Most adults are asked to fast about 8–12 hours before fasting blood work, but the exact time depends on the specific test and your doctor’s instructions. For many people, this works out to not eating after late evening and doing the test first thing in the morning so most of the fast happens while sleeping.

Typical fasting time

  • Many standard fasting blood tests (like fasting glucose and many lipid/cholesterol panels) use an 8–12 hour fasting window.
  • Some providers and educators recommend closer to 10–12 hours to be on the safe side for lipid and metabolic tests, unless your own clinician says otherwise.
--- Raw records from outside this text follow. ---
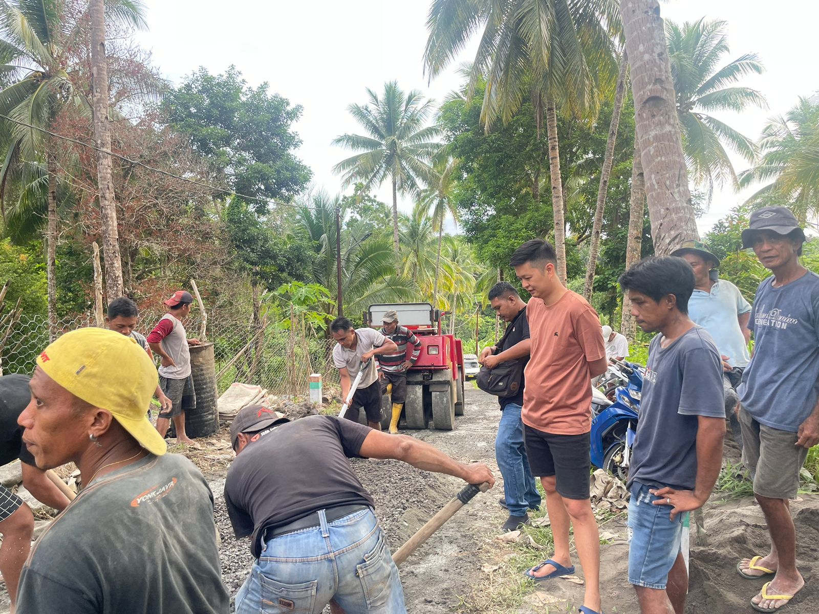Maksud kunjungan tersebut untuk melihat langsung kegiatan pengecoran jalan yang dilakukan secara gotong royong oleh warga. Menarik, seluruh material untuk pengecoran merupakan hasil patungan dari masyarakat setempat. Selain itu, warga juga berkontribusi dengan membawa makanan untuk disantap bersama.
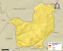 Le retrait-gonflement des sols argileux est susceptible d'engendrer des dommages importants aux bâtiments en cas d’alternance de périodes de sécheresse et de pluie. La totalité de la commune est en aléa moyen ou fort (67,7 % au niveau départemental et 48,5 % au niveau national). Sur les 237 bâtiments dénombrés sur la commune en 2019, 237 sont en aléa moyen ou fort, soit 100 %, à comparer aux 72 % au niveau départemental et 54 % au niveau national. Une cartographie de l'exposition du territoire national au retrait gonflement des sols argileux est disponible sur le site du BRGM[21],[Carte 2].
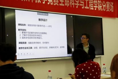 参赛青年教师需要在规定的20分钟时间里呈现课堂,该环节精彩纷呈,参赛教师从教学目的、教学思路、语言表达、教学方法等环节,多方面立体式的将平时的教学积累进行了展示。
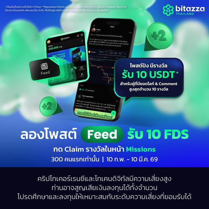 🔥 发帖赢大奖! 首先在 Bitazza Feed 上发布您的第一条帖子。 Bitazza Feed 是专为交易者打造的应用内社区。 🎁 参与特别活动: 1️⃣ 首帖奖励:获得 10 FDS(前 300 名在“任务”页面领取奖励的用户) 2️⃣ 互动量最高:获得 10 USDT(共 10 名获奖者)。获奖者将根据互动量评选,综合考虑点赞数和积极建设性评论的数量。 📅 2026 年 2 月 10 日至 3 月 10 日
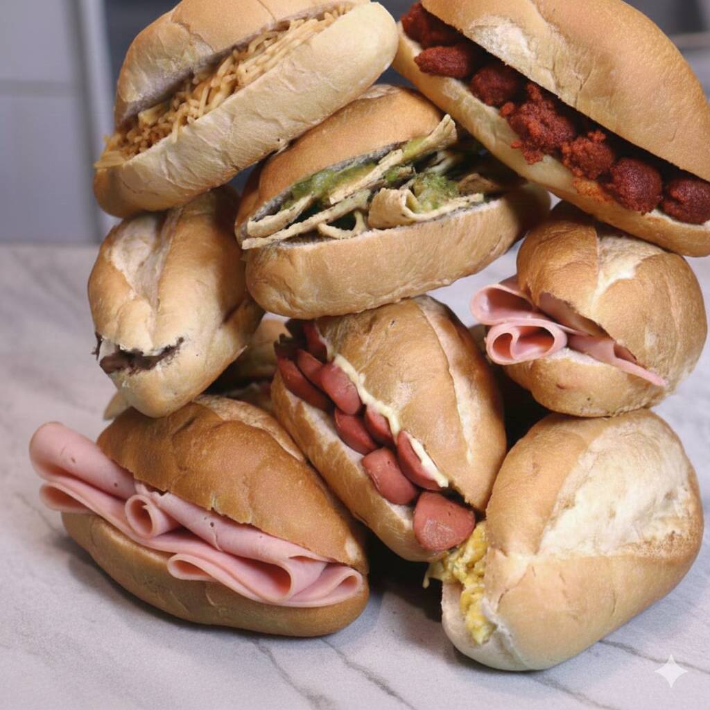 Torta de Jamón*1 + Torta de Pollo*1 + Torta de Salchicha*1 + Torta de Queso de Hebra*1 + Torta de Chorizo*1
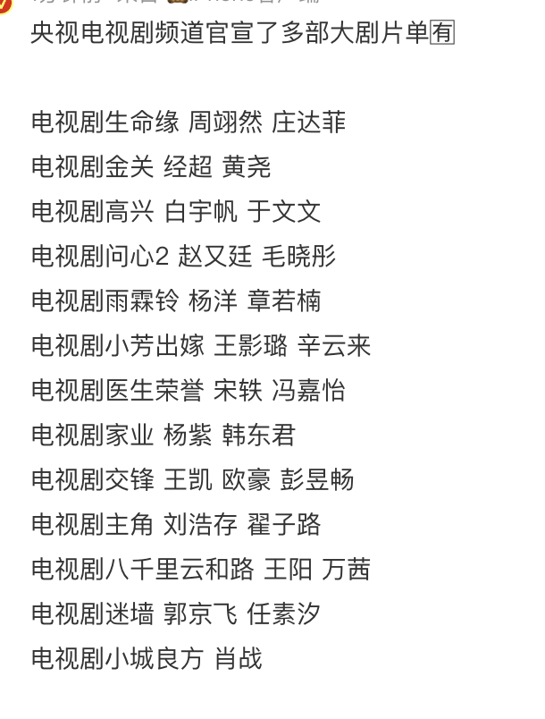 央视电视剧公布的大剧片单,实话说有可看的吗?
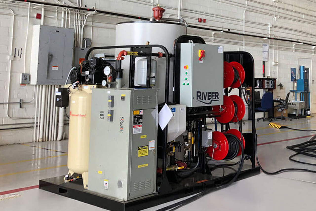 The in-hangar design delivers fully electric operation using existing hangar power and water connections, eliminating the need for costly modifications or ventilation systems. This mobile system enables year-round corrosion control without the safety concerns of diesel equipment in enclosed spaces.
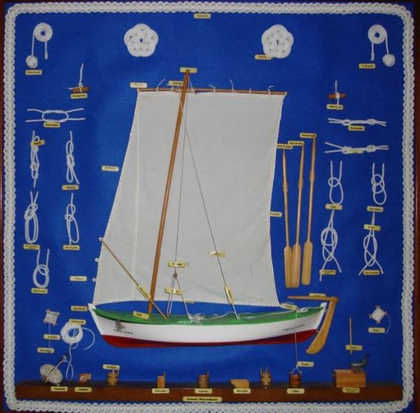 Si empezamos pola parte de arriba e pola esquerda, temos o”horcaperros”, expresandome da misma forma que nos lle chamabámos, este usabase para amarrar a ustaja a berga. O seguinte, e o nudo de “embergue,” que se usaba para amarrar a vela a verga. O seguintes, son as “margaritas”, usabanse para reparar momentáneamente unha falta nun cabo ou nunha liña. O seguintes son os”lasdeguias”, o doble usabase para amarrar un cabo por seno, e o outro para amarralo polo chicote. O seguimte e o no de “rezon”, que se usaba para amarrar un chicote a argola do rezon ou a outra anilla calquera.
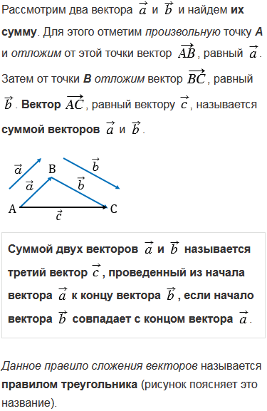 Объясните какой вектор называется суммой двух векторов. В чем заключается правило треугольника сложения двух векторов?
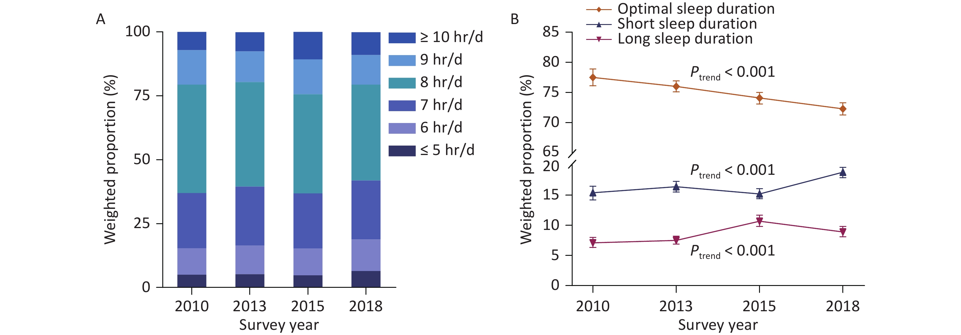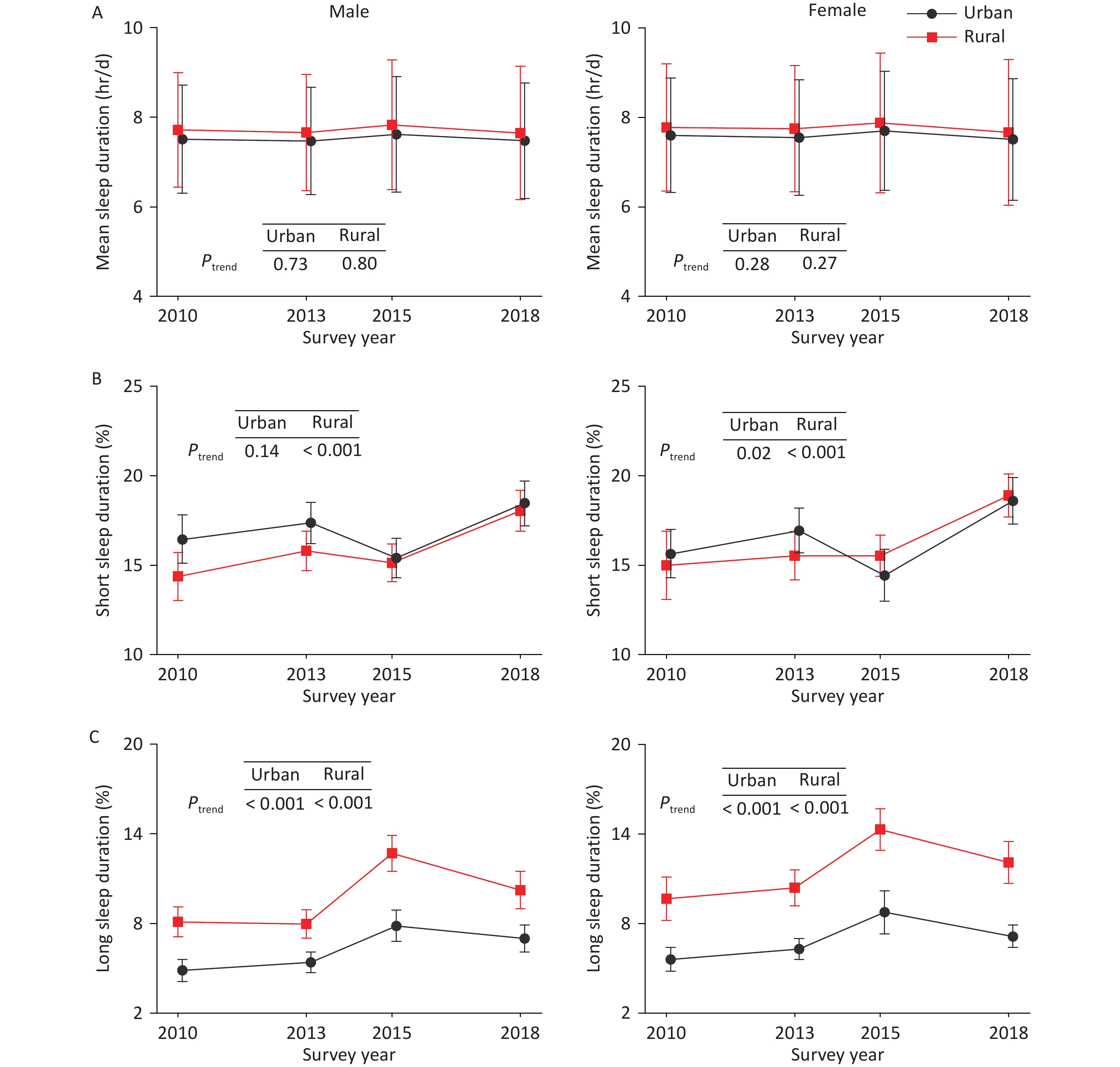 Objective This study aimed to determine the temporal trends in sleep duration among Chinese adults.Methods In this series of repeated nationally representative cross-sectional surveys (China Chronic Disease and Risk Factors Surveillance) conducted between 2010 and 2018, a total of 645,420 adult participants (97,741 in 2010; 175,749 in 2013; 187,777 in 2015; and 184,153 in 2018) were included in the trend analysis. Linear and logistic regression models were utilized to assess trends in sleep duration.Results In 2018, the estimated overall mean sleep duration among the Chinese adult population was 7.58 (SD, 1.45) hours per day, with no significant trend from 2010. A significant increase in short sleep duration (≤ 6 hours) was observed in the total population, from 15.3% (95% CI: 14.1%–16.5%) in 2010 to 18.5% (95% CI: 17.7%–19.3%) in 2018 (P < 0.001). Similarly, the trend in long sleep duration (> 9 hours) was also significant, increasing in weighted prevalence from 7.2% (95% CI: 6.3%–8.1%) in 2010 to 9.0% (95% CI: 8.2%–9.9%) in 2018 (P < 0.001).Conclusion The prevalence of both short and long sleep durations significantly increased among Chinese adults from 2010 to 2018, highlighting the urgency of health initiatives to promote optimal sleep duration in China.

Tests that often need fasting

  • Fasting glucose, some diabetes screening tests, and many cholesterol/lipid panels are commonly done after fasting.
  • Certain liver, kidney, iron, and vitamin tests may also require fasting, but this varies by lab and doctor, so specific instructions from your provider always come first.
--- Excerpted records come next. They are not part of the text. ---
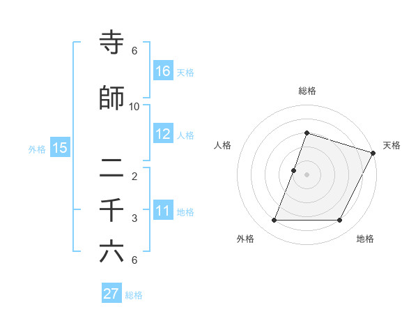 寺師 二千六さんの天格は16画の5点!
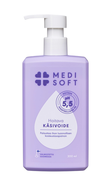Miedon tuoksuinen käsivoide päivittäiseen käyttöön. Glyseriini hoitaa ihoa. Sheavoi suojaa ja kosteuttaa. pH 5,5 auttaa palauttamaan ihon luonnollisen pH-arvon ja normaalin kosteustasapainon. Sopii koko perheelle. Avainlippu-tuote, valmistettu Suomessa.
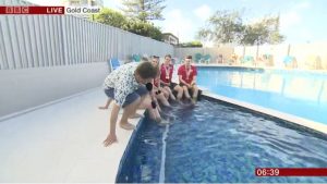 Last year, Mike was preparing to chat to five England swimmers on BBC Breakfast.
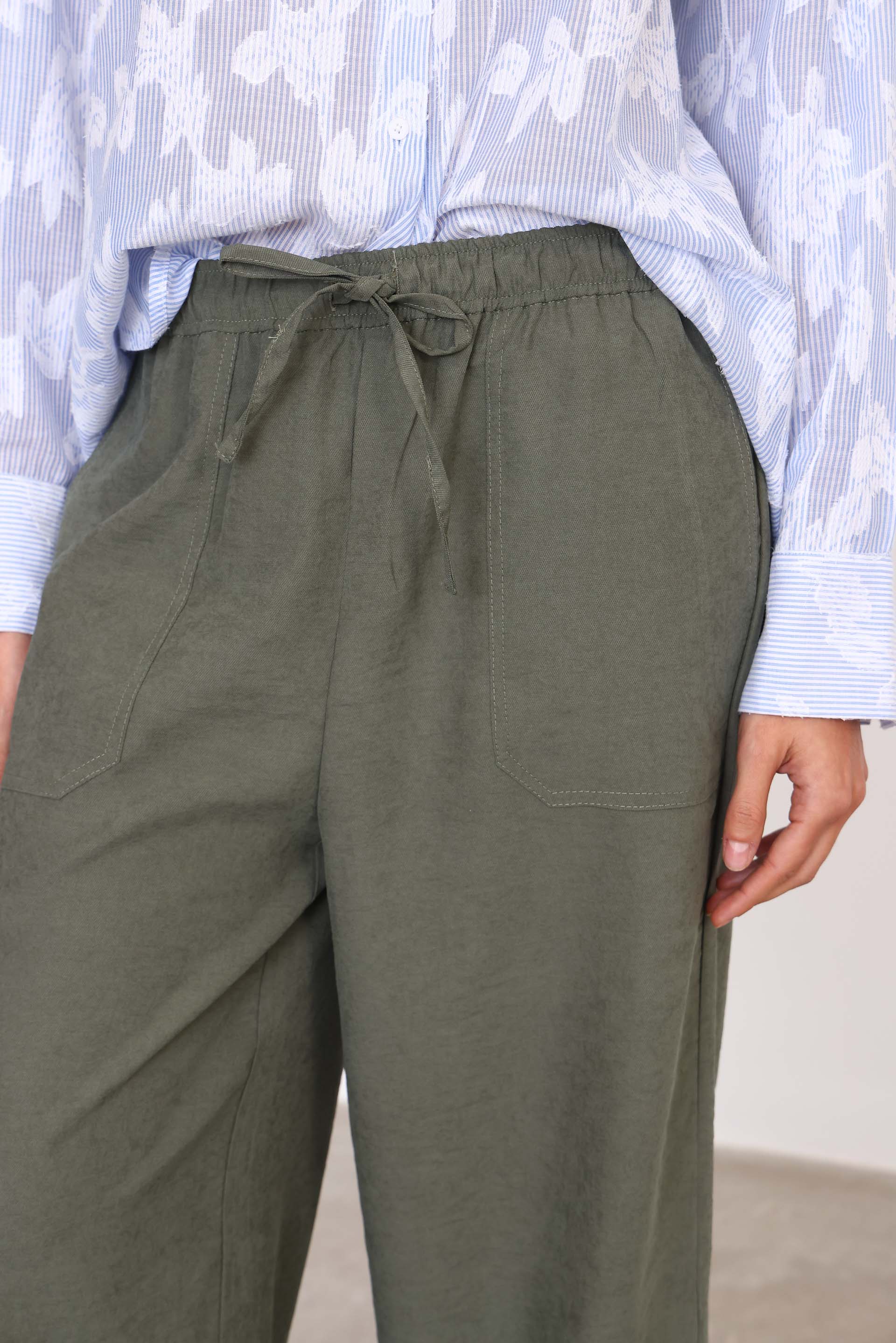 Pantalón wide leg con cintura elastizada y cordón de ajuste. Cuenta con bolsillos laterales y plaqué en delantero. La modelo está usando talle 42

What “fasting” usually means

  • No food and no drinks with calories (including juice, milk, sugary drinks, or coffee with cream/sugar) during the fasting window; plain water is typically allowed and encouraged unless your provider says otherwise.
  • Alcohol often needs to be avoided for a longer period before some tests, so check your written lab instructions if you have them.

When to ask your doctor

  • If your order includes multiple tests, ask whether all of them require fasting and exactly how many hours are needed so you do not over‑ or under‑fast.
  • If you took food, coffee, or medication by mistake during the fasting window, call the lab or your clinician; sometimes the test can still be done, but other times they may reschedule to keep results accurate.

Current general guidance: plan on 8–12 hours of fasting for “fasting” blood work and follow the specific timing your own doctor or lab gives you.